Literature DB >> 21492926

6-month versus 36-month isoniazid preventive treatment for tuberculosis in adults with HIV infection in Botswana: a randomised, double-blind, placebo-controlled trial.

Taraz Samandari1, Tefera B Agizew, Samba Nyirenda, Zegabriel Tedla, Thabisa Sibanda, Nong Shang, Barudi Mosimaneotsile, Oaitse I Motsamai, Lorna Bozeman, Margarett K Davis, Elizabeth A Talbot, Themba L Moeti, Howard J Moffat, Peter H Kilmarx, Kenneth G Castro, Charles D Wells.   

Abstract

BACKGROUND: In accordance with WHO guidelines, people with HIV infection in Botswana receive daily isoniazid preventive therapy against tuberculosis without obtaining a tuberculin skin test, but duration of prophylaxis is restricted to 6 months. We aimed to assess effectiveness of extended isoniazid therapy.
METHODS: In our randomised, double-blind, placebo-controlled trial we enrolled adults infected with HIV aged 18 years or older at government HIV-care clinics in Botswana. Exclusion criteria included current illness such as cough and an abnormal chest radiograph without antecedent tuberculosis or pneumonia. Eligible individuals were randomly allocated (1:1) to receive 6 months' open-label isoniazid followed by 30 months' masked placebo (control group) or 6 months' open-label isoniazid followed by 30 months' masked isoniazid (continued isoniazid group) on the basis of a computer-generated randomisation list with permuted blocks of ten at each clinic. Antiretroviral therapy was provided if participants had CD4-positive lymphocyte counts of fewer than 200 cells per μL. We used Cox regression analysis and the log-rank test to compare incident tuberculosis in the groups.
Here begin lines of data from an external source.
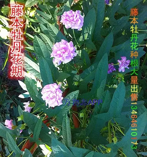 藤本牡丹花期长,一节脚芽生长成形的植株,藤蔓冠幅达一米多,盛花期日开花量近百朵,如色彩斑斓的挂毯,壮丽美观,微风拂动又如群蝶翩飞,是花篱、花棚、花廊的好制材,还可以地爬式彩花通道和彩花地坪,是多种形式绿化的佳品。
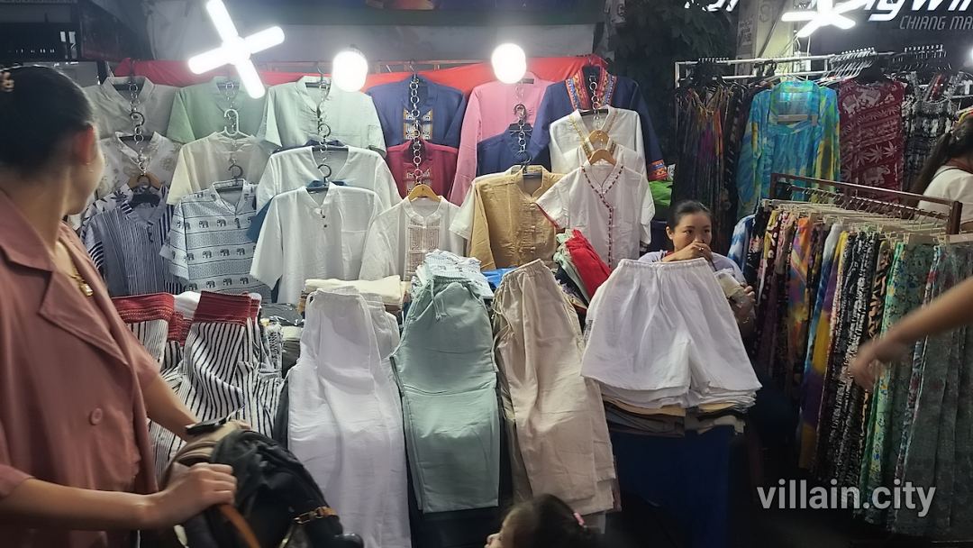 가장 많이 보이는 물건은 옷이다. 간단한 천막을 쳐놓고 옷걸이를 준비한 가게에서 저렴하고도 다양한 옷이 손님을 유혹한다. 대부분은 관광객이 편하게 입을 수 있는 셔츠와 면바지 등이며, 가격대 역시 100바트(약 3,700원)~300바트(약 11,400원) 정도로 즉석에서 구입하기에 별 부담이 없다.
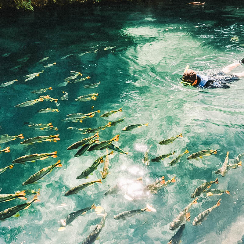 Entre as principais flutuações, o Aquário Natural é ideal para iniciantes, com 600 metros de percurso e treinamento prévio numa piscina, cercado por vegetação abundante. A Nascente Azul é curtinha, com 300 metros, mas impressiona pelo azul turquesa e a fenda submersa perfeita para a apneia, e ainda tem almoço e balneário com tirolesa e cascata. O Rio Sucuri é extenso e famoso: em cerca de 1h, você vê peixes passando ao lado, além de macacos, lontras e jacarés nas margens. Para quem quer o ápice das flutuações, o Rio da Prata, em Jardim, tem 1,4 km de águas rasas, cheias de peixes e nascentes que brotam do leito como pequenos vulcões.
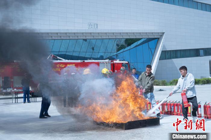 圖為學(xué)生體驗(yàn)油盆火災(zāi)撲救?!∝暩聛?lái)松 攝

Cox regression models were used to estimate the effect of antiretroviral therapy. The trial is registered at ClinicalTrials.gov, number NCT00164281.
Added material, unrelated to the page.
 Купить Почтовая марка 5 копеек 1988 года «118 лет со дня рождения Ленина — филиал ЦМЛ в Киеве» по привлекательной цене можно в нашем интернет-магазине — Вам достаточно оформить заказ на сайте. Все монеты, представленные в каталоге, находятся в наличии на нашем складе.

FINDINGS: Between Nov 26, 2004, and July 3, 2009, we recorded 34 (3·4%) cases of incident tuberculosis in 989 participants allocated to the control group and 20 (2·0%) in 1006 allocated to the continued isoniazid group (incidence 1·26% per year vs 0·72%; hazard ratio 0·57, 95% CI 0·33-0·99, p=0·047). Tuberculosis incidence in those individuals receiving placebo escalated approximately 200 days after completion of open-label isoniazid. Participants who were tuberculin skin test positive (ie, ≥5 mm induration) at enrolment received a substantial benefit from continued isoniazid treatment (0·26, 0·09-0·80, p=0·02), whereas participants who were tuberculin skin test-negative received no significant benefit (0·75, 0·38-1·46, p=0·40). By study completion, 946 (47%) of 1995 participants had initiated antiretroviral therapy. Tuberculosis incidence was reduced by 50% in those receiving 360 days of antiretroviral therapy compared with participants receiving no antiretroviral therapy (adjusted hazard ratio 0·50, 95% CI 0·26-0·97). Severe adverse events and death were much the same in the control and continued isoniazid groups.
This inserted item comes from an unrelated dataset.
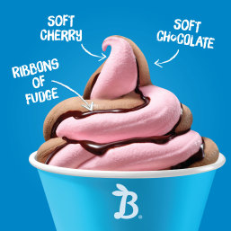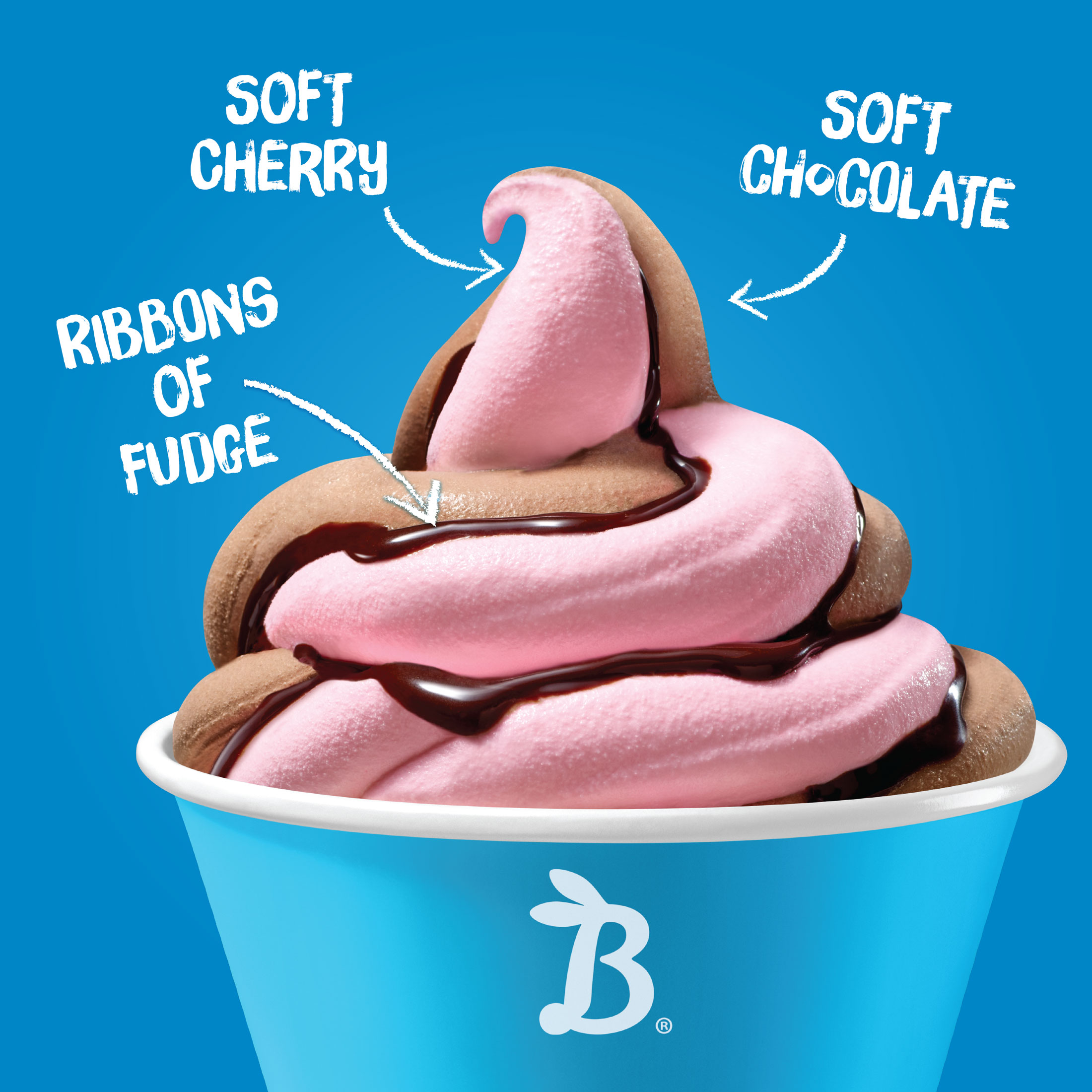 Cherry chocolate twist soft frozen dairy dessert swirled with ribbons of fudge.

INTERPRETATION: In a tuberculosis-endemic setting, 36 months' isoniazid prophylaxis was more effective for prevention of tuberculosis than was 6-month prophylaxis in individuals with HIV infection, and chiefly benefited those who were tuberculin skin test positive. FUNDING: US Centers for Disease Control and Prevention and US Agency for International Development.
Copyright © 2011 Elsevier Ltd. All rights reserved.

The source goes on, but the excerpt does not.